The paper describes the model chain operational at the Meteo-Hydrological Center of the Liguria Region (ARPAL) based on the CNR-ISAC models BOLAM (BOlogna Limited Area Model) and MOLOCH (MOdello LOCale in Hybrid coordinates). Some of the chain applications and a statistical verification of its most recent implementation are also shown. The first operational run of the BOLAM numerical weather prediction (NWP) model at ARPAL was launched in September 1999, in correspondence with the beginning of the Mesoscale Alpine Programme Special Observing Period field campaign. Since then, the collaboration between CNR-ISAC and ARPAL has allowed to maintain and update the operational chain, also thanks to a continuous upgrade of the computational resources available at ARPAL. Since 2005, the non-hydrostatic model MOLOCH has been added to the forecasting chain.
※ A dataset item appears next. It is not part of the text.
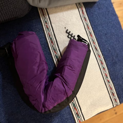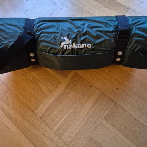 Billederne viser en sammenpakket oppustelig liggestol af mærket Nakano. er opbevaret i en grå opbevaringspose med en snorelukning og en strop til nem transport. liggestolen virker kompakt, hvilket gør den let at bære med sig på camping- eller vandreture.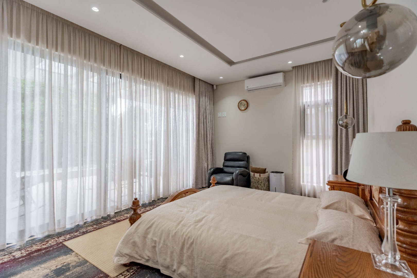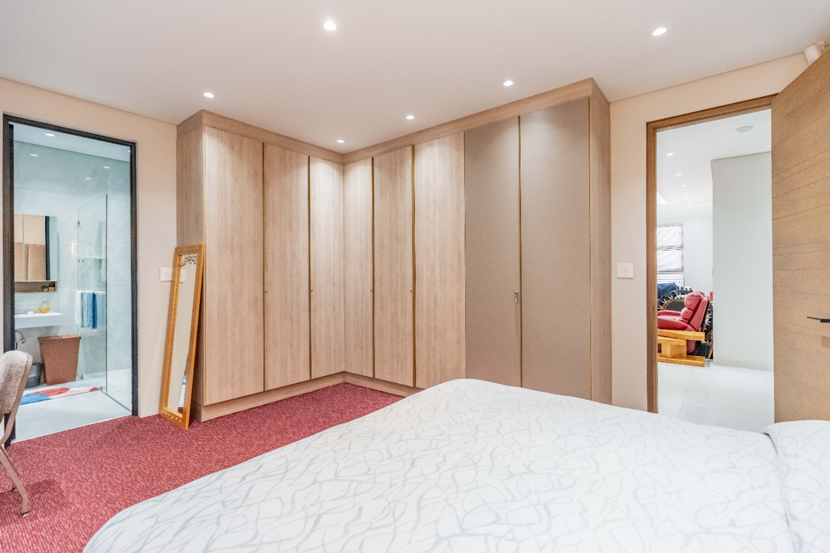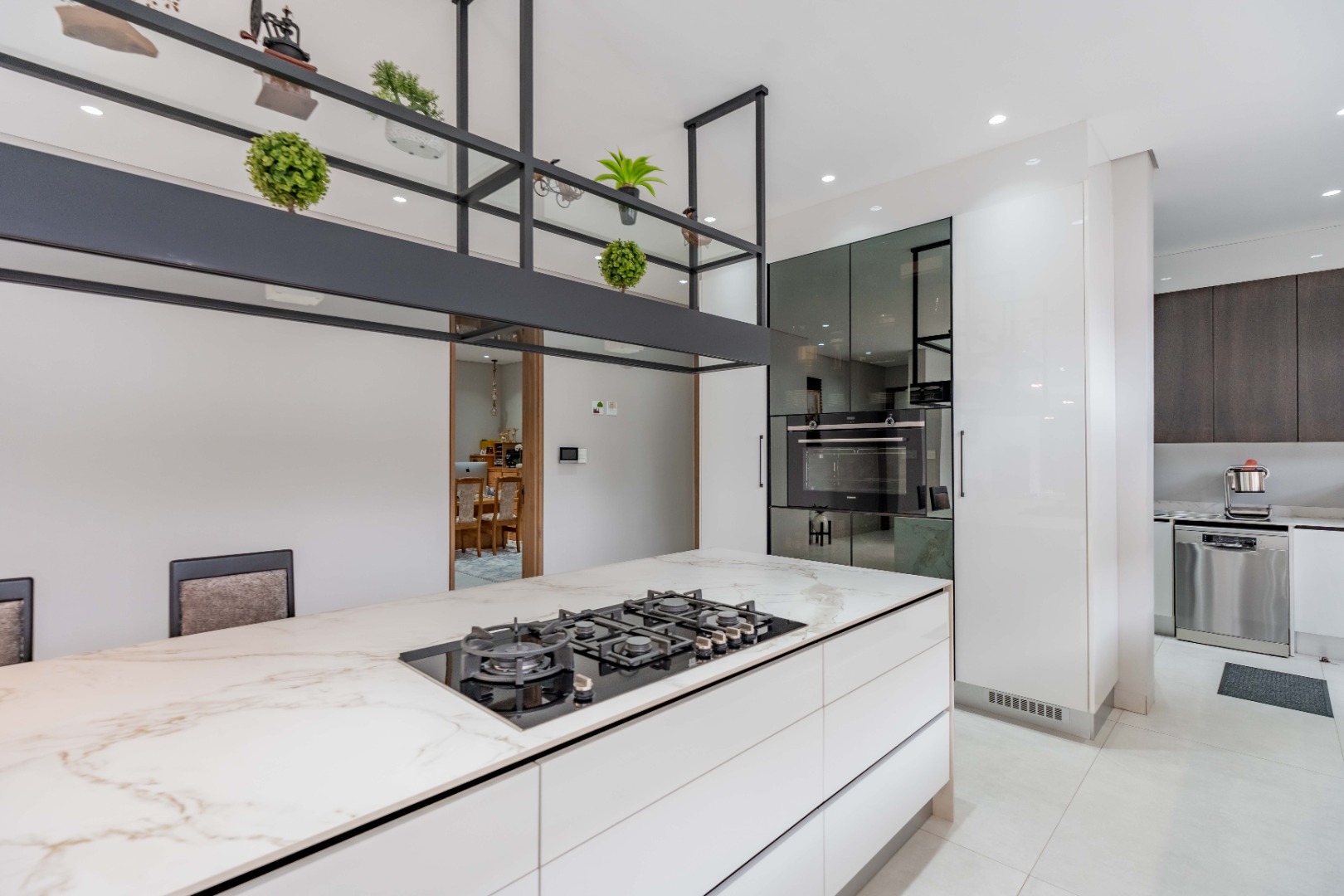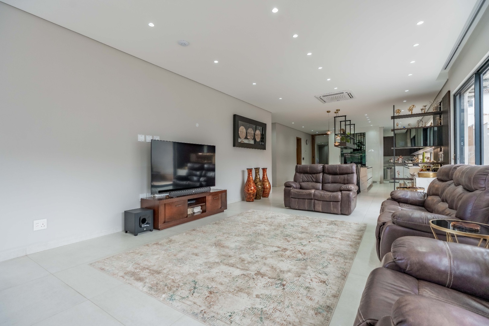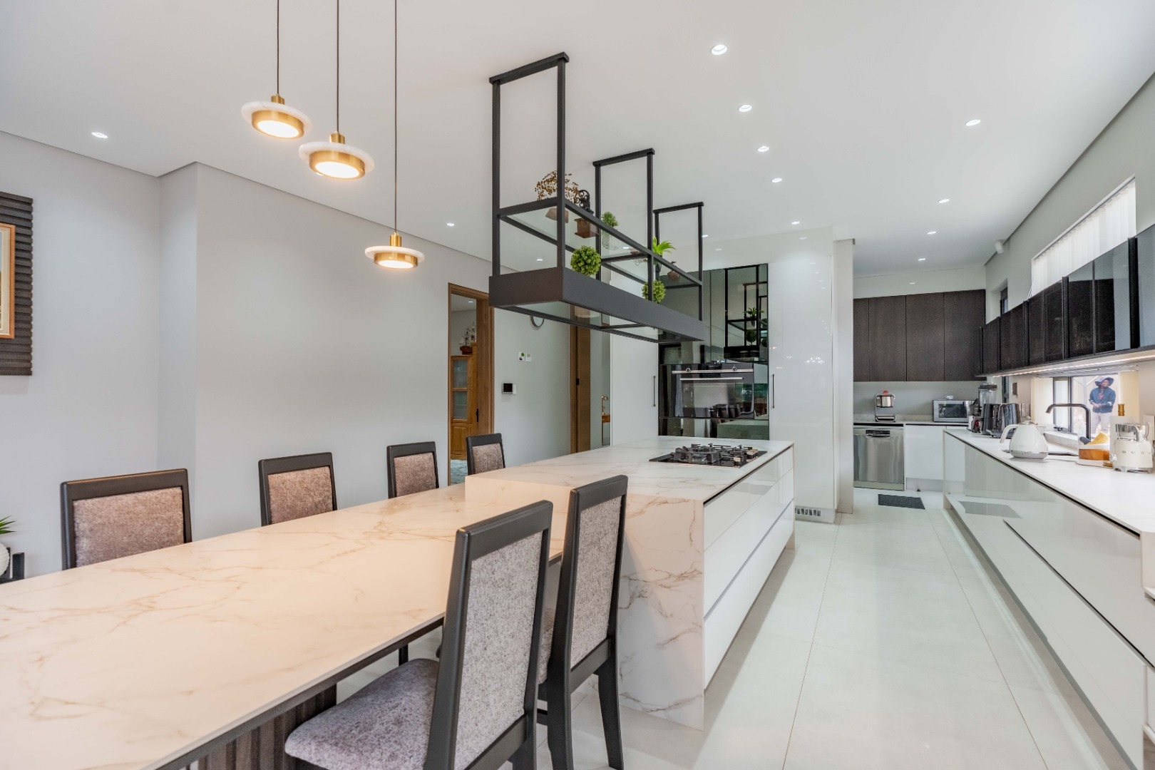 Recently built and less than three years old, the unit showcases high-spec finishes supplied by Classic & Lifestyle, including porcelain tiles, premium sanitaryware, Trellidoor mosquito nets, wave-track curtain rails, and two geysers. The custom cabinetry throughout the bedrooms, kitchen, scullery, and bathrooms—with Dekton stone surfaces—was designed and installed by Kitchen Studio. The kitchen includes a new Siemens oven and gas stove, and the home is further enhanced with custom blinds, seven Carrier inverter air-conditioners, a full alarm system with indoor and outdoor beams, video intercom access, fibre connectivity, wired network points, satellite connections, and provisions for additional surveillance cameras. The property also includes backup water tanks connected to the main supply and a guard house, with security staff currently on duty from 6pm to 6am. Optional extras include a Victron 15kVA inverter system with solar panels, a Siemens integrated fridge and freezer, and bedroom curtains, with certain items excluded and listed separately.

In the present operational setup, BOLAM is run over a European domain at the horizontal resolution of about 8 km, using ECMWF-IFS analysis and forecasts as initial and boundary conditions. MOLOCH model is nested in BOLAM, and it runs over a domain including the entire Italian territory, on a 1.5-km horizontal resolution grid. The forecast products, consisting in 72-h BOLAM and 48-h MOLOCH predictions, are available in 1.5 h after the reception of the ECMWF-IFS data. Four runs every day are performed. Other modeling systems in cascade are driven by NWP models. For several years, wind fields obtained from the atmospheric modeling chain have been used to force the wave model WAVEWATCH III, implemented at different resolutions over the Mediterranean basin. Other applications in cascade consist in hydrological prediction for the basins of the Liguria Region, wildfire, and ocean circulation modeling. Moreover, the different ini- tializations of the BOLAM and MOLOCH models provide an important contribution to the ARPAL operational Poor Man’s Ensemble prediction system. A verification based on 3 years of data available from the ARPAL ground observing net- work shows a general capability of the high-resolution models in better forecasting heavy precipitation events, due to a better description of convective phenomena, while a less marked improvement with respect to large-scale models is shown for low precipitation thresholds. Results also show an improvement of model performance for all monitored variables, precipitation, 2-m temperature, and 10-m winds, when resolution increases and when model domains are enlarged.